Get Chaz Dean’s Wen Hair Care Look for Less (We Cracked the Code!)


Hair stylist Chaz Dean promises gorgeous and super manageable hair with his Wen hair care subscription service shampoos, conditioners and styling products. The before and after images speak for themselves: shiny, no mess hair that lasts between washes. Who wouldn’t want that?

Bedhead will only get you so far in life. We all want smooth and manageable hair if for no other reason than convenience. Who really has the time to deal with frizzy, out of control locks?  But you don’t need to spend $30 or more a month on Chaz Dean’s Wen hair care products. I was determined to get the benefits without the expensive subscription.

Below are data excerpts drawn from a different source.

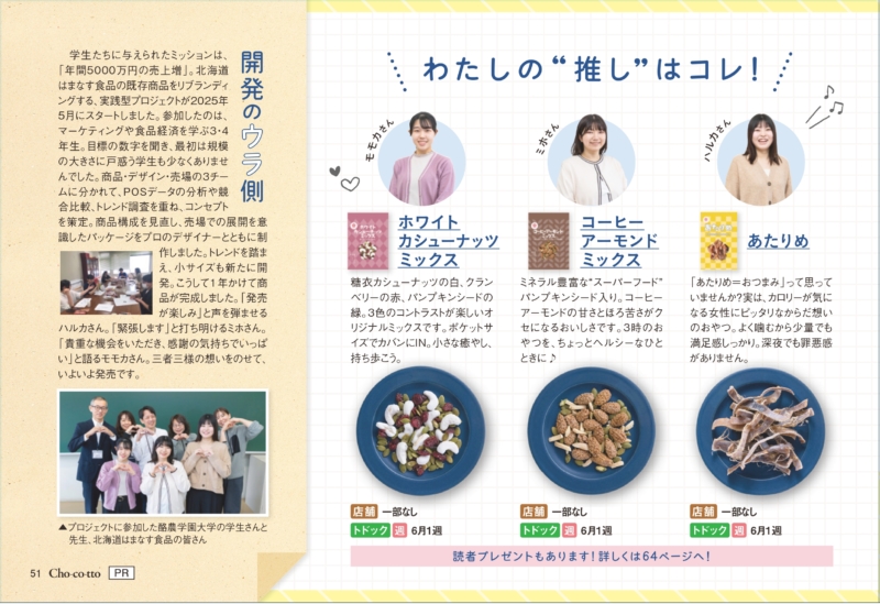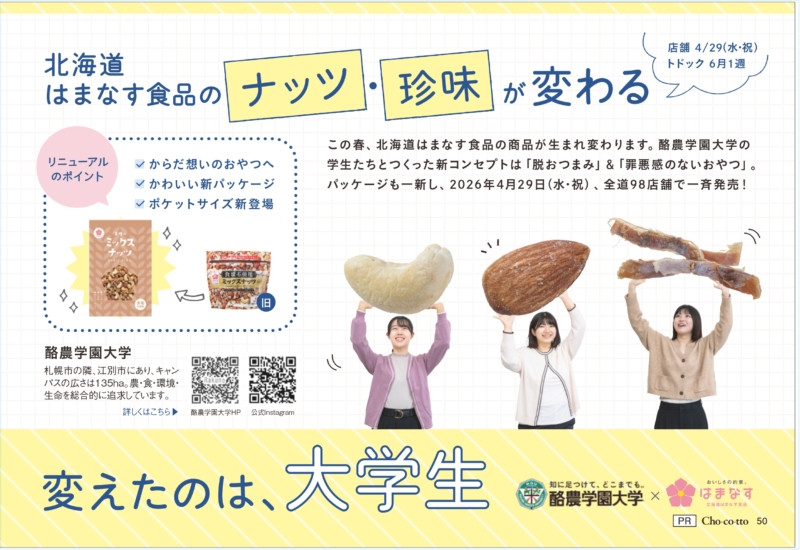 本学農食環境学群 食と健康学類 流通マーケティング研究室(増田祥世准教授)と循環農学類 食物利用学研究室(宮崎早花講師)の学生が活協同組合コープさっぽろ(以下、コープさっぽろ)様と、北海道はまなす食品株式会社様と開発した「珍味とナッツシリーズ」を4月29日(水)に発売します。
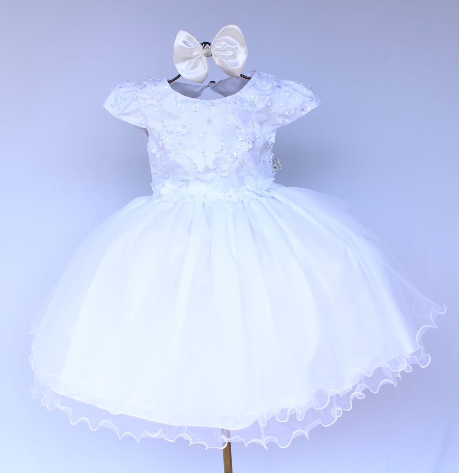 Confeccionado em tecido misto possui forro em poliéster e algodão que não encomoda a criança e proporciona um caimento incrível e sofisticado, possui gola redonda, comprimento médio, mangas curtas, possui elástico nas costas para melhor ajuste, acabamento com lindo laço na parte posterior do vestido.
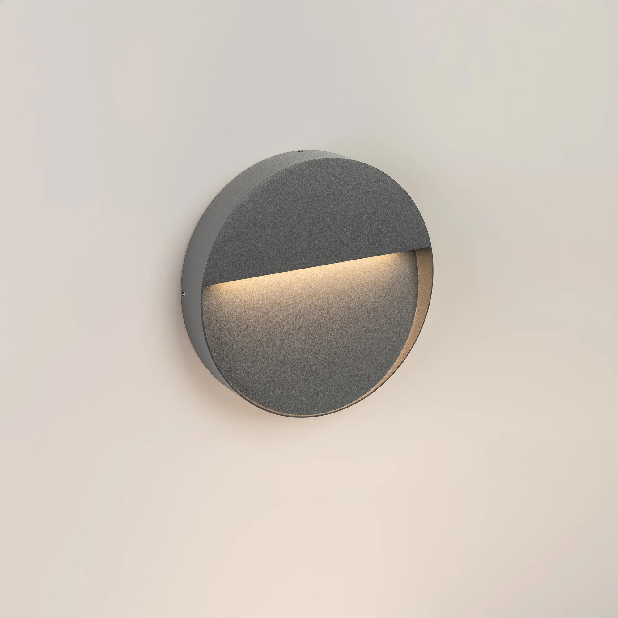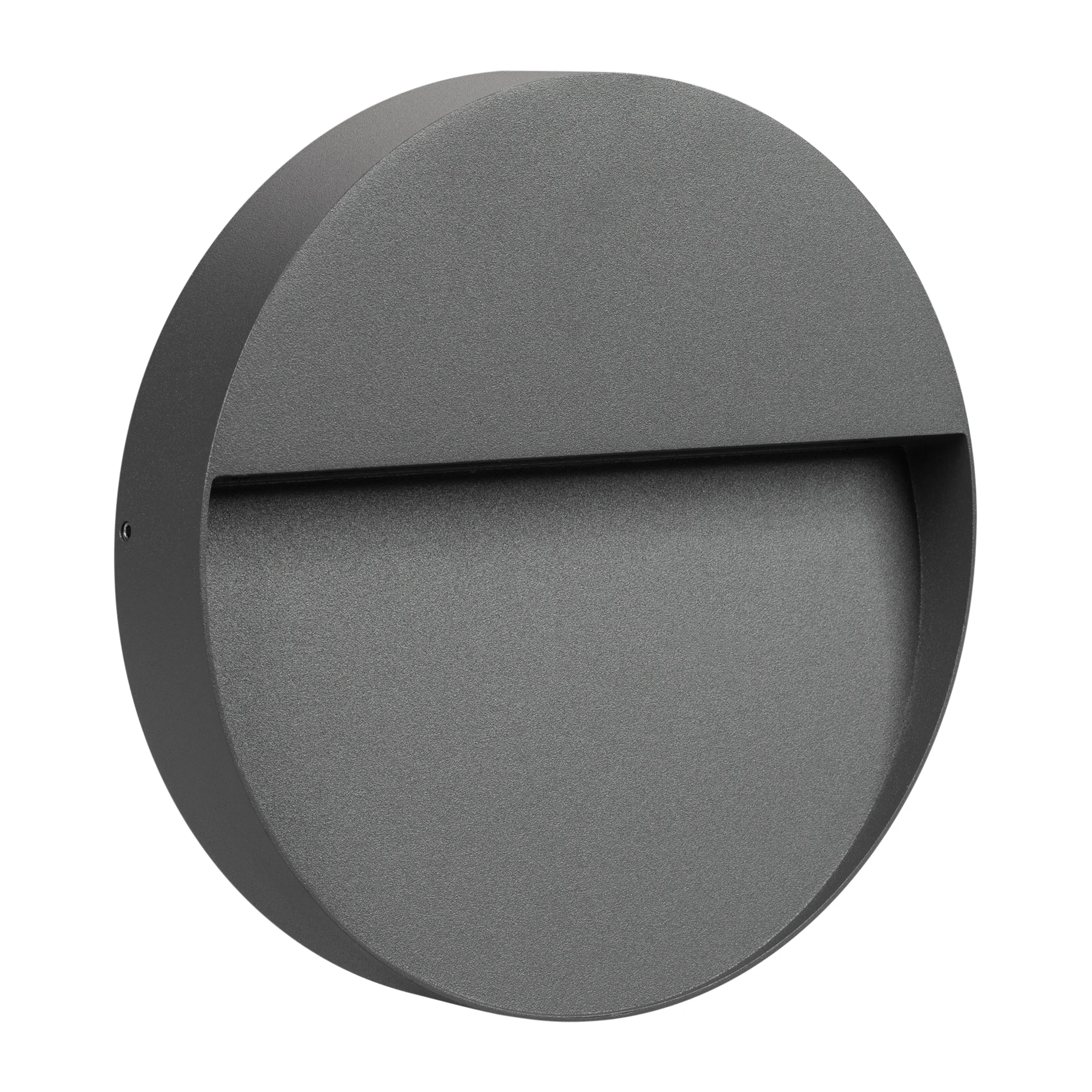Светодиодный накладной круглый светильник для стен, лестниц, 8Вт. Цвет ТЕПЛЫЙ БЕЛЫЙ 3000K, св.поток 300лм, CRI(Ra)>80, угол 60°, асимметричный свет. Размер Ф215×36мм. Влагозащищенный корпус IP65, алюминий серого цвета. Питание AC230V, 8Вт, встроенный драйвер.
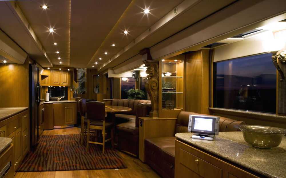 Рейтинги таких шикарных автодомов чаще всего возглавляет роскошный автомобиль Anderson Mobile Estates, популярность которого на планете огромная. Это не только суперкомфортность, равной которой у его соперников практически нет, но также идеальная обзорность: благодаря установленным на нём камерам водитель получает максимальную информацию обо всем, что делается вокруг трейлера. Понятно, что и цена такого красавца со всеми его фантастическими «наворотами» немалая: подчас она превышает два миллиона долларов.
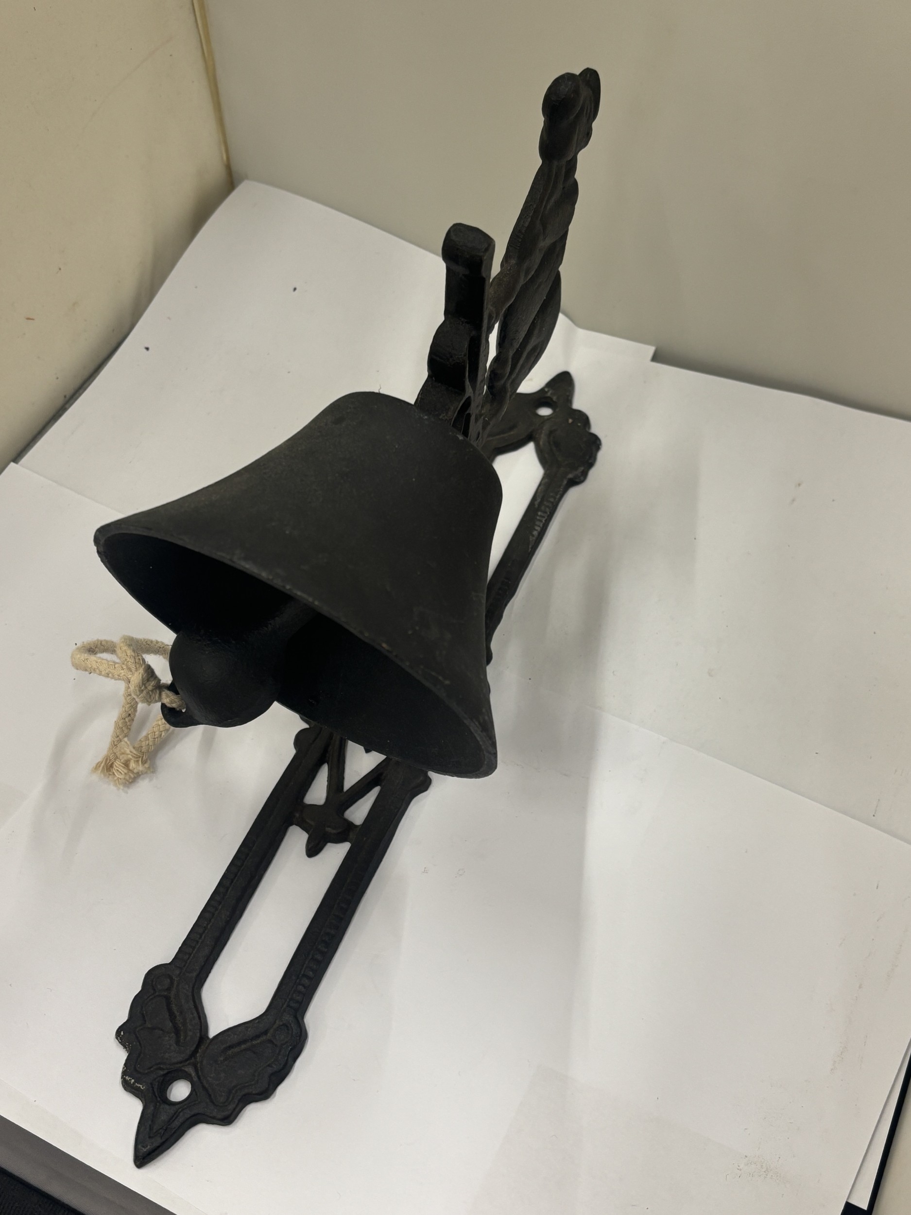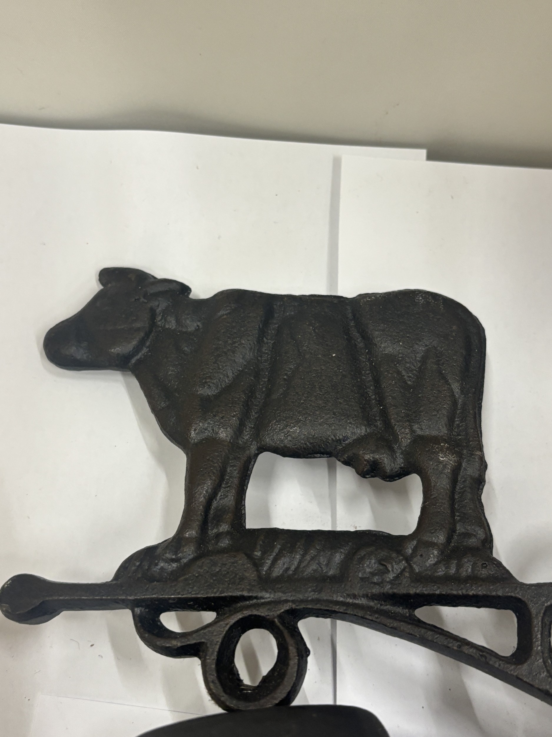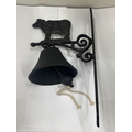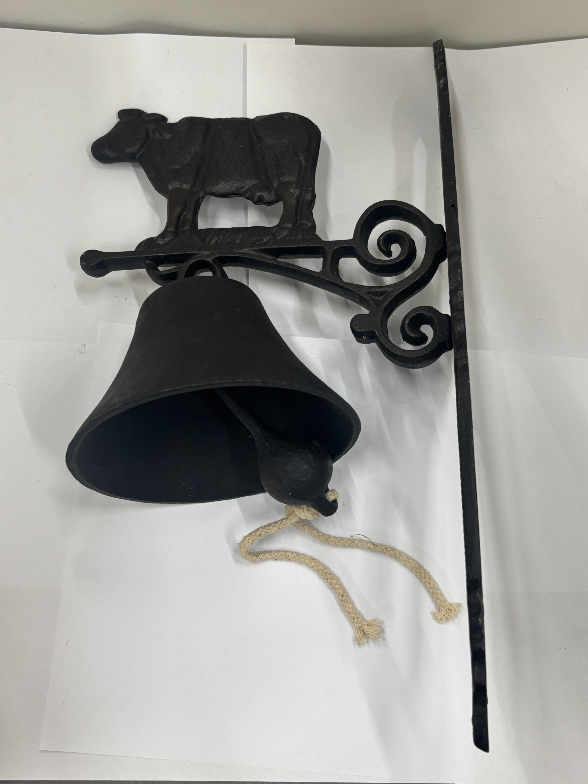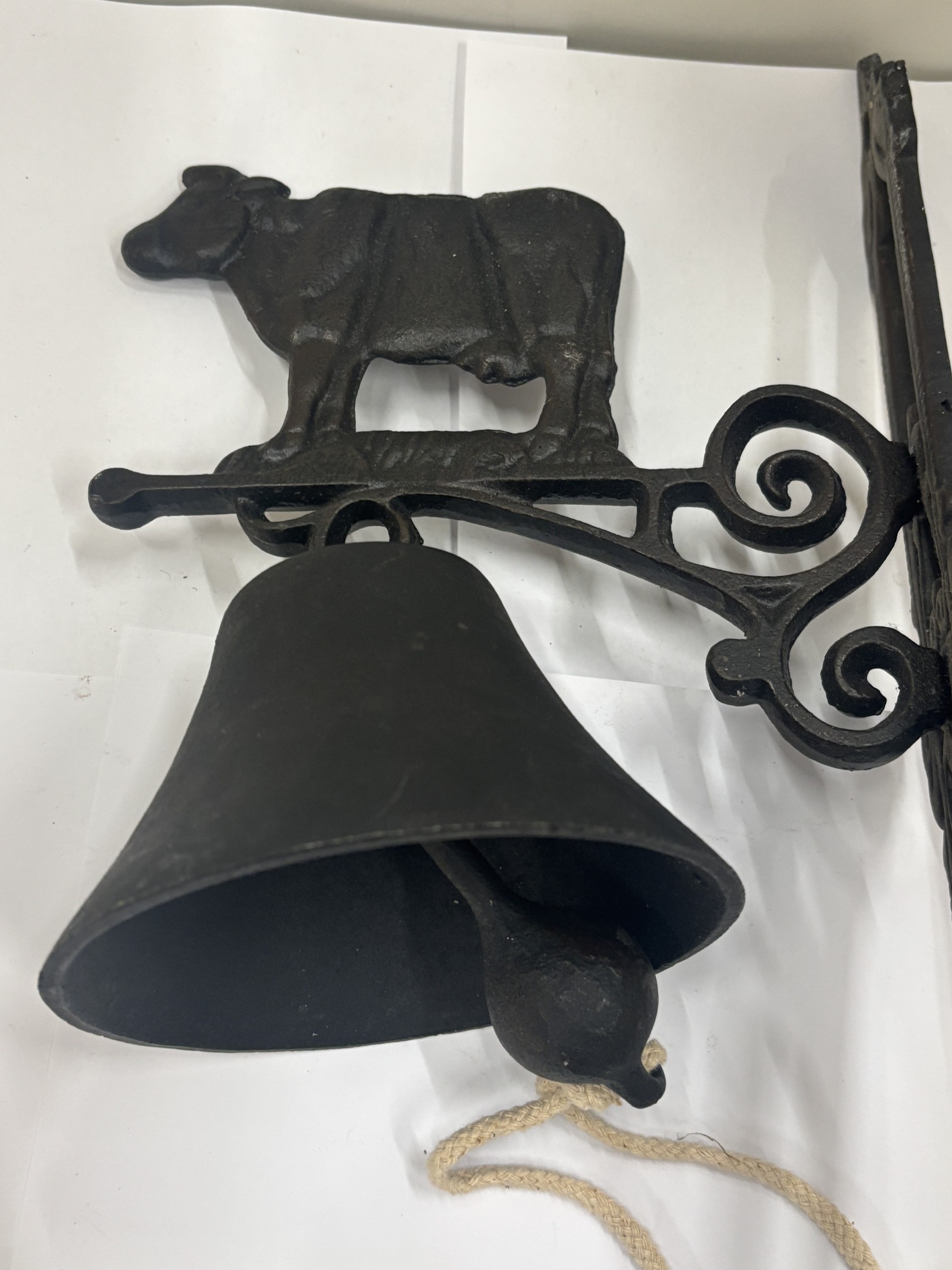 A CAST COW THEMED WALL HANGING BELL, HEIGHT 36CM
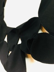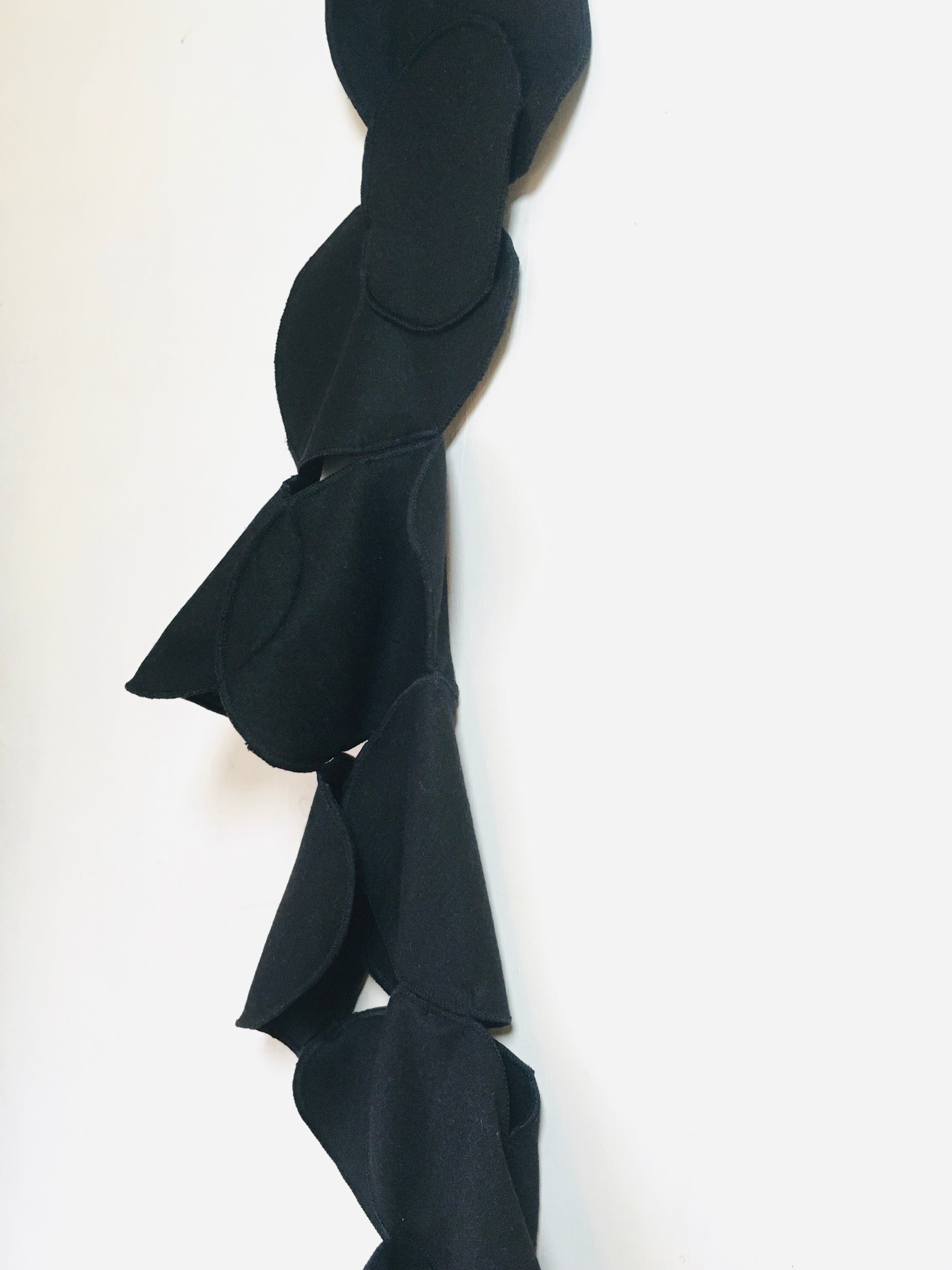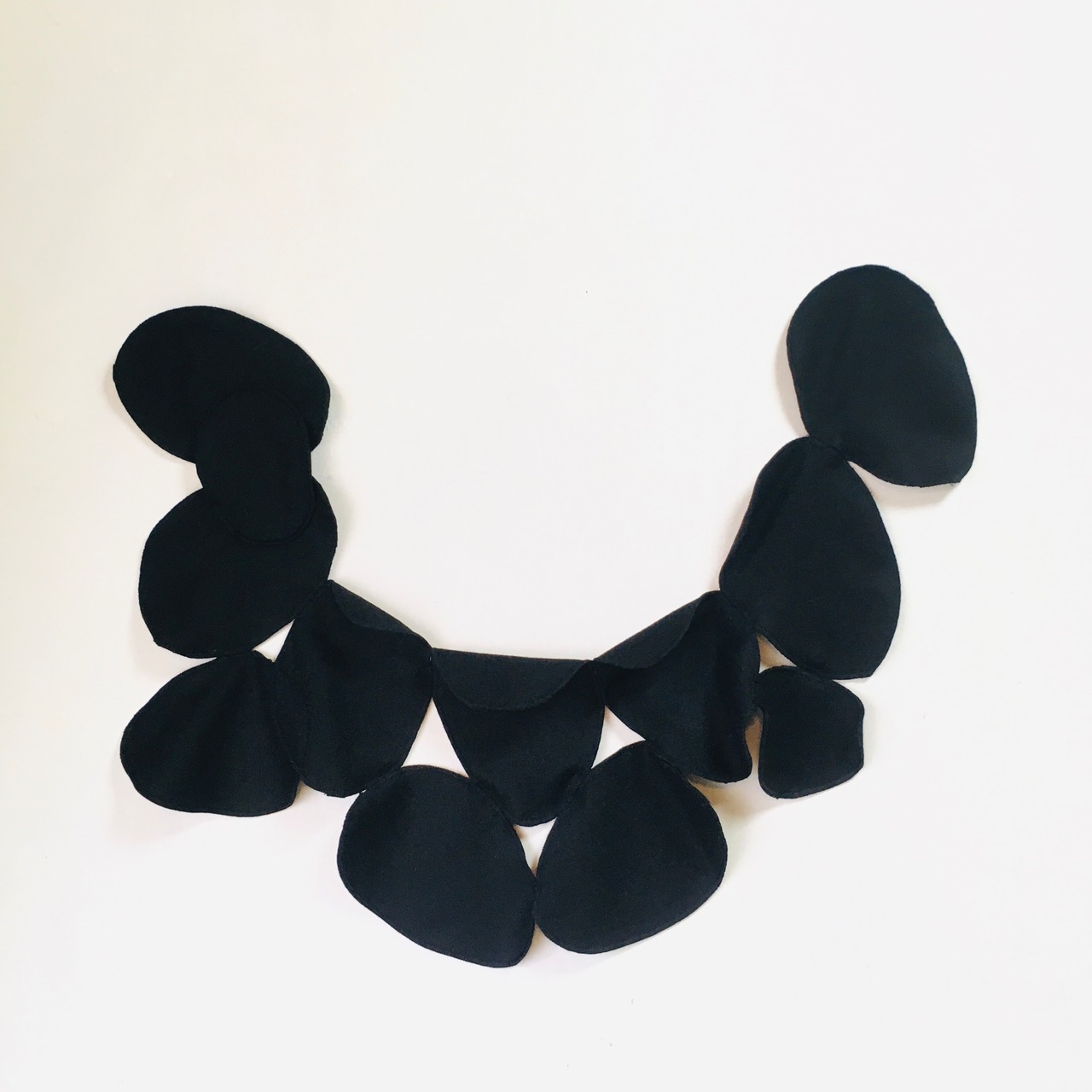 布から卵型のパーツを切り出し、縁をメローロック、のちに各パーツをつなぎ合わせた襟巻きです
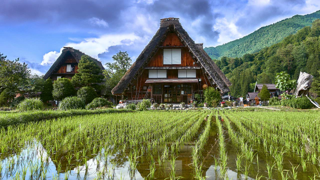 일본 기후현 북서부의 시라카와 마을의 전통 가옥과 논의 모습입니다.

The results were so impressive I just had to share. I have no professional hair care experience!

I have really, really thick hair, with several types going on all on the same head. The deepest layer has a strong curl to it. Then there’s a wave that comes after that. My top layer is generally straight. As you can imagine, it’s not the easiest to manage or style. Because it’s so thick and confused, I can’t wear short hair as it just poofs up and looks pretty awful. So, I need the length to keep it healthy looking, but that means lots of knots, tangles, and brushing nightmares.

I don’t mind spending a bit more money on hair care products if they work, but the idea of a subscription to Chaz Dean’s Wen products was intimidating.  Plus, what if it didn’t work or I didn’t like it?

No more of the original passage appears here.